Nasce a Cittanova il Circolo di Italia dei Valori sulla base di un’esigenza vera di fare politica attiva. Partecipata e condivisa da molti Cittanovesi. Da un po di tempo, un lavoro spontaneo si pone l’obiettivo di mettere assieme tutti i giovani ed i cittadini onesti, stanchi di stare a guardare il degrado sociale, economico e culturale, in cui precipita la nostra cittadina e l’intero territorio Calabrese più che altrove. Tutti gli aderenti ed i simpatizzanti, hanno già iniziato a confrontarsi su cosa è possibile fare per uscire dal degrado, organizzando da subito, entusiasmanti gruppi di lavoro, individuando una serie di percorsi virtuosi. Siamo fermamente convinti che l’unica opportunità rimasta oggi per ridare vita e futuro a ben due generazioni, ferme a causa della grande crisi che ha colpito il nostro paese, le regioni meridionali e la Piana di Gioia Tauro, deve anteporre i principi di legalità e massima trasparenza. Un primo nucleo di uomini e donne, attorno ai valori di legalità rappresentati dal partito, ha permesso di realizzare una significativa partecipazione, sempre più crescente di cittadini che hanno scelto di vivere nella propria terra e sviluppare le idee possibili per radicare le cose buone e farle crescere sane e produttive.
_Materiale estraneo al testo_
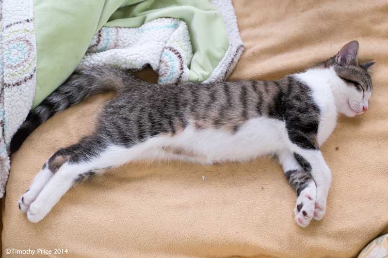 Our friends across the valley have a cat named Baggins. When Baggins was about the size of Spunky, he snuck into the bathroom, yanked on and managed to pull down the shower curtain on my friend’s husband. Baggins was known as “The Terrorist” after that.

Valorizzare, certificare la qualità e far conoscere al mondo intero la ricchezza della nostra terra, vuol dire innescare la marcia giusta per avviare tanti sistemi virtuosi in grado di dare sfogo a innovative opportunità di lavoro, fare economia, migliorare i servizi essenziali, fare cultura e vivere una vita normale guardando con serenità al futuro. La presenza di persone di varie estrazioni sociali, ci permette di mettere in continua sinergia il virtuosismo di tutti i saperi e stabilire, con metodo certosino, tutte le azioni politiche necessarie a rendere praticabile e raggiungibili gli obiettivi da raggiungere. Serve come il pane conoscere le esperienze vissute, le difficoltà del vivere quotidiano, le sofferenze, i disagi, la condizione delle realtà produttive, le criticità delle istituzioni e il loro possibile superamento. Tutto questo e tanto altro ancora, verrà posto in essere dall’intero circolo col la voglia e la forza di dare un grande contributo al paese di Cittanova e all’intera Piana di Gioia Tauro. Questa sarà l’Italia dei Valori di Cittanova, porte aperte per accogliere idee, proposte e critiche, indispensabili ad innalzare sempre più il valore della politica e del progresso.